Ocean warming transfers CO2 from the oceans to the atmosphere, which helps the former but harms the latter. Increased temperature reduces the solubility of solid calcium carbonate. Increased pressure, as with increasing ocean depth, increases its solubility.

The severe negative consequences of increased CO2 in the atmosphere aligns with centuries-old accepted physical chemical principles.

But a hyped threat from a pH drop in the Great Barrier Reef does not make any chemical sense.

Sit, as I have, in a limestone cave and watch the pH 7.6 bicarbonate-buffered water flow down and drip, whereby the formations slowly grow, not shrink.

In the words of US journalist Henry Mencken (1880–1956): ‘For any complicated problem there is a simple solution that is wrong’. We ignore basic STEM topics … pH, equilibria, buffers, activity and particularly biology and biochemistry ... at our peril.


Ben Selinger FRACI CChem is Emeritus Professor of Chemistry at ANU and, along with ANU colleague Associate Professor Russell Barrow, released the sixth edition of Chemistry in the marketplace (CSIRO Publishing) in June 2017. For more information, visit www.publish.csiro.au/book/7366. Ben guided at Jenolan (limestone) caves (NSW) in 1961 as a university summer vacation job. This article owes a major debt to Ray Hodges for his industrial experience and support. As always, Ian Rae played his crucial role as devil’s chemical advocate. Scott Kable and others watched out for chemical incorrectness. Any misinterpretations are mine.

Limestone caves – a freshwater situation

The fresh water that enters limestone caves is initially unbuffered.

This rainwater laden with aqueous CO2 (0.035%, pH around 5.3) percolates through the soil and picks up much more CO2 from plant roots and decaying vegetable matter (0.15–0.65%), becoming more acidic. This brew extracts calcium carbonate and relocates it (via bicarbonate) to the inside of the caves. Stalactites and stalagmites are formed. The newly added bicarbonate buffers the acid, and the pH increases to 7.2–7.8 (bit.ly/3xlfpPe). This water feeds underground rivers and releases CO2 gas. This can accumulate to toxic levels in the bottom of caves.

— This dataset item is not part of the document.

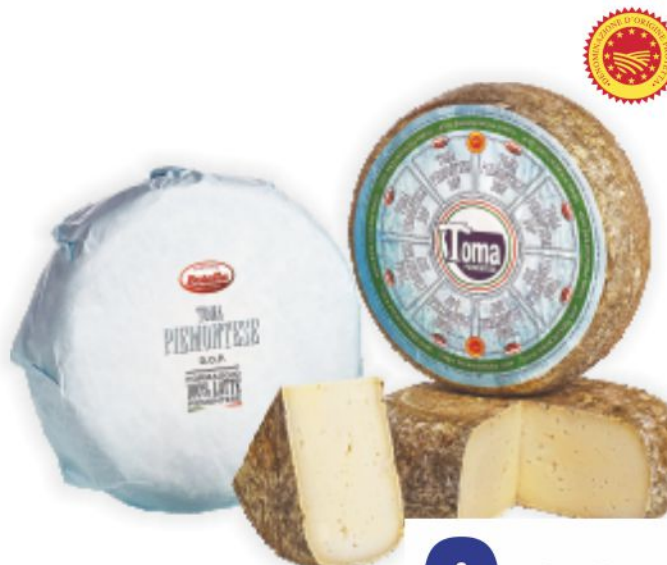
Toma Piemontese D.O.P. Botalla al kg 9,90

The residue left after evaporating a sample of seawater. Jenny Selinger

Serial equilibria in seawater: the assumed counter ion is Na+.

Prevalence of species in seawater: fraction of inorganic carbon as aqueous CO2, baking soda and washing soda as a function of pH, based on the buffer equation: pH = pKa + log ([basic form]/[acidic form])

Activity fudge factors

Because of a multitude of interactions in solution mixtures, chemical species behave experimentally as if they are at a different (often lower) concentration from the actual concentration (bit.ly/37U7Zb8). This is non-ideal. A century ago, a factor called the activity, was introduced; activity is determined experimentally to correct for these ‘anomalies’ (stanford.io/3rNeJAI). A parallel is suggested for a team sport, where substituting a player of apparent equivalent ability, or changing the nature of the spectators, can unpredictably and mightily, change team dynamics and performance. Any change in the composition of (sea)water, natural or artificial, changes all the activities, including the solubility of calcium carbonate.

Lake Nyos

Lake Nyos in Cameroon had a natural store of water that is supersaturated with CO2 at its base. This CO2 rose to the surface in August 1986, bubbled out and spread overland, killing 1746 people and 3500 livestock. Fast forward to current experiments with underground storage of CO2 in porous rock (bit.ly/2V1FMg5) … is it a long-term solution?